Generating train split: 0 examples [00:00, ? examples/s]

Generating test split: 0 examples [00:00, ? examples/s]

In [5]:
# Let's subsample the training and test dataset - you may want to switch to full dataset in your experiments
alpaca_ds['train'] = alpaca_ds['train'].select(range(512))
alpaca_ds['test'] = alpaca_ds['test'].select(range(10))

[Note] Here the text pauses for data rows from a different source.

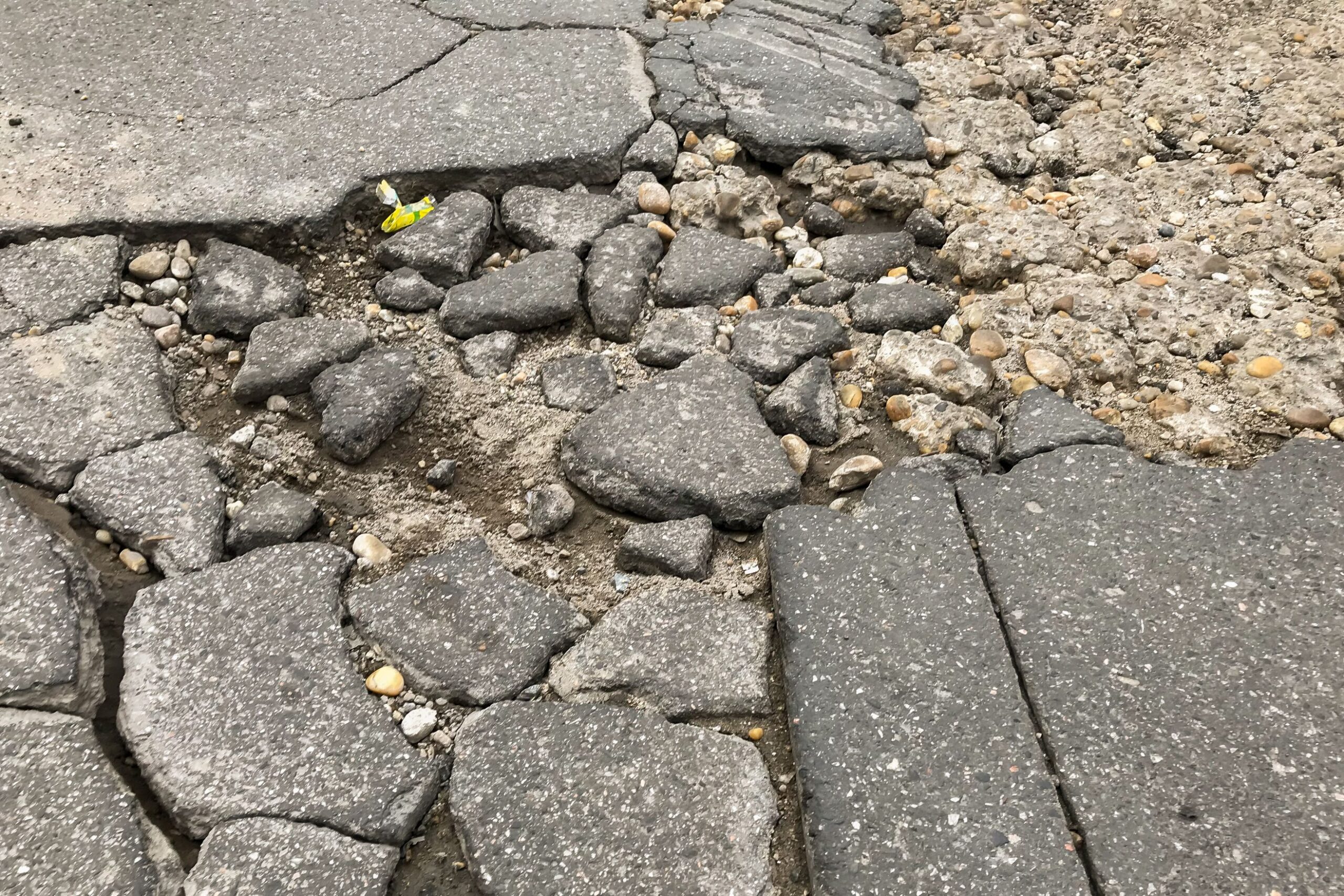 A jó idő beköszöntével a téli, ideiglenes útjavítások után végre visszatérnek a közutasok a hosszabb távú megoldásokra, hogy megszüntessék a képen látható úthibákat
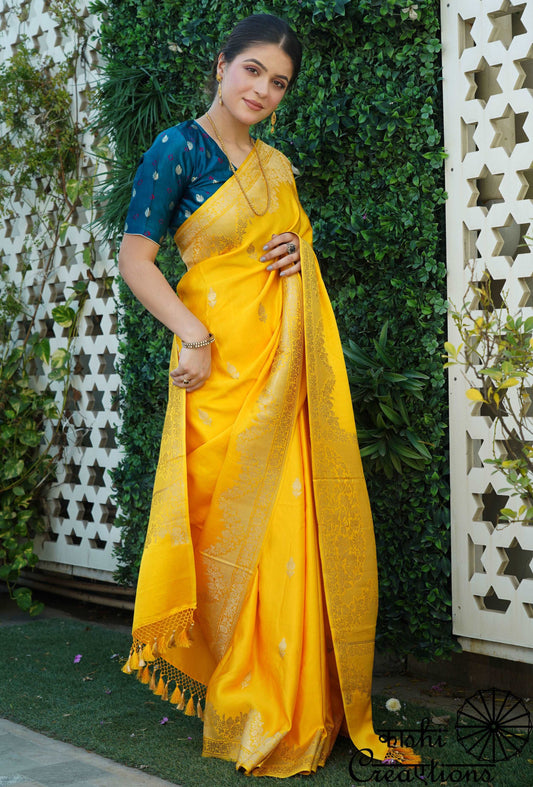 Bright Yellow Pure Mashru Satin Silk Handwoven khadwa Boota Banarasi Saree
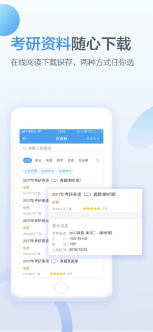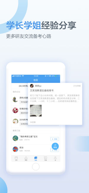 考研帮,让考研简单不孤单! 备受考研人欢迎、找资料、找信息、找学长、找研友一应俱全的考研备考软件。 每3个考研人有2个在用考研帮! 题库大改版,历年真题、模拟测验。 【考研帮能给你什么】 1、找信息——量身定制院校、专业信息 ◇你报考院校的报录比、分数线、导师信息、报考资讯、考试大纲一应俱全! ◇政策新闻信息实时更新,让你即时掌握一手考研资讯! 2、找资料——海量资料随心下载 ◇近10年公共课真题及解析、近800所院校专业课初复试真题、专业课课件等海量资料供你离线下载! ◇海量题库在线作答,答案解析详尽准确,复习效率更进一步 3、找学长——同校学长与你畅聊 ◇学长学姐与你分享考研经验,考神…
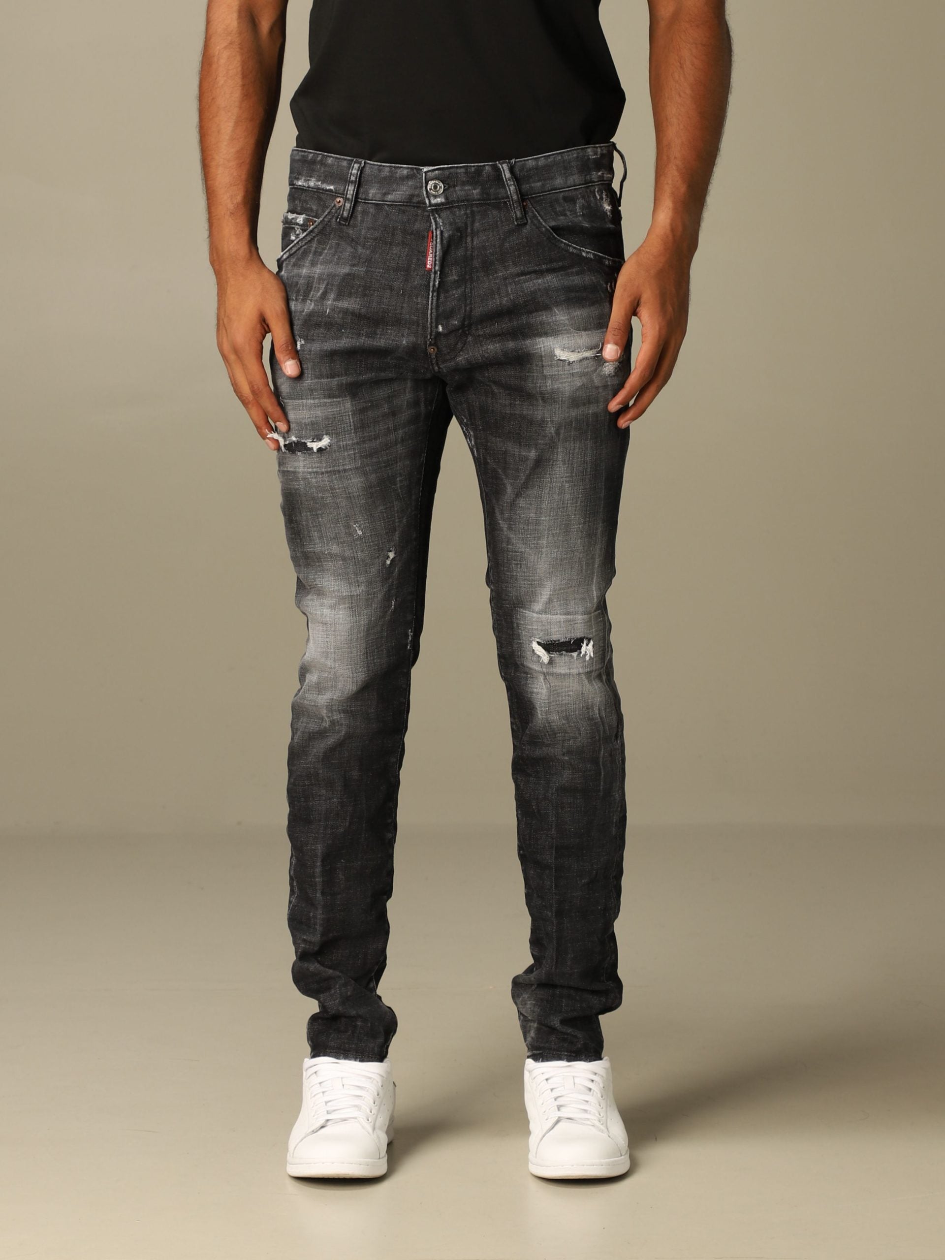 Dsquared2 denim, grey color, buttons closure, 5-pockets design, slim fit, black leather patch on the back.

Let's log the dataset also as a table so we can inspect it on the workspace.

In [6]:
def prompt_no_input(row):
    return ("Below is an instruction that describes a task. "
            "Write a response that appropriately completes the request.\n\n"
            "### Instruction:\n{instruction}\n\n### Response:\n{output}").format_map(row)

def prompt_input(row):
    return ("Below is an instruction that describes a task, paired with an input that provides further context. "
            "Write a response that appropriately completes the request.\n\n"
            "### Instruction:\n{instruction}\n\n### Input:\n{input}\n\n### Response:\n{output}").format_map(row)

def create_prompt(row):
    return prompt_no_input(row) if row["input"] == "" else prompt_input(row)

In [7]:
train_dataset = alpaca_ds["train"]
eval_dataset = alpaca_ds["test"]

In [8]:
import torch
from transformers import AutoModelForCausalLM, AutoTokenizer

In [9]:
#model_id = 'openlm-research/open_llama_3b_v2'#
#model_id = 'meta-llama/Llama-2-70b-chat-hf'
model_id = 'meta-llama/Llama-2-7b-chat-hf'

Let's define our configurations for LoRA, quantization and model training so that it fits on our GPU.

In [11]:
from peft import LoraConfig, get_peft_model

peft_config = LoraConfig(
    r=64,  # the rank of the LoRA matrices
    lora_alpha=16, # the weight
    lora_dropout=0.1, # dropout to add to the LoRA layers
    bias="none", # add bias to the nn.Linear layers?
    task_type="CAUSAL_LM",
    target_modules=["q_proj", "k_proj","v_proj","o_proj"], # the name of the layers to add LoRA
)

In [12]:
from transformers import BitsAndBytesConfig

bnb_config = BitsAndBytesConfig(
    load_in_4bit=True,
    bnb_4bit_quant_type="nf4",
    bnb_4bit_use_double_quant=True,
    bnb_4bit_compute_dtype=torch.float16
)

In [13]:
model_kwargs = dict(
    device_map={"" : 0},
    trust_remote_code=True,
    # low_cpu_mem_usage=True,
    torch_dtype=torch.float16,
    # use_flash_attention_2=True,
    use_cache=False,
    quantization_config=bnb_config,
)

In [14]:
from transformers import TrainingArguments
from trl import SFTTrainer

In [23]:
batch_size = 2
gradient_accumulation_steps = 16
num_train_epochs = 10

We'll add a `report_to="wandb"` flag here to get the benefits of [W&B HuggingFace integration](https://docs.wandb.ai/guides/integrations/huggingface).

In [24]:
output_dir = "./output/"
training_args = TrainingArguments(
    num_train_epochs=num_train_epochs,
    output_dir=output_dir,
    per_device_train_batch_size=batch_size,
    per_device_eval_batch_size=batch_size,
    fp16=True,
    learning_rate=2e-4,
    lr_scheduler_type="cosine",
    warmup_ratio=0.1,
    gradient_accumulation_steps=gradient_accumulation_steps,
    gradient_checkpointing=True,
    gradient_checkpointing_kwargs=dict(use_reentrant=False),
    evaluation_strategy="epoch",
    logging_strategy="steps",
    logging_steps=1,
    save_strategy="epoch",
    report_to="wandb",
)

In [17]:
from huggingface_hub import notebook_login
notebook_login()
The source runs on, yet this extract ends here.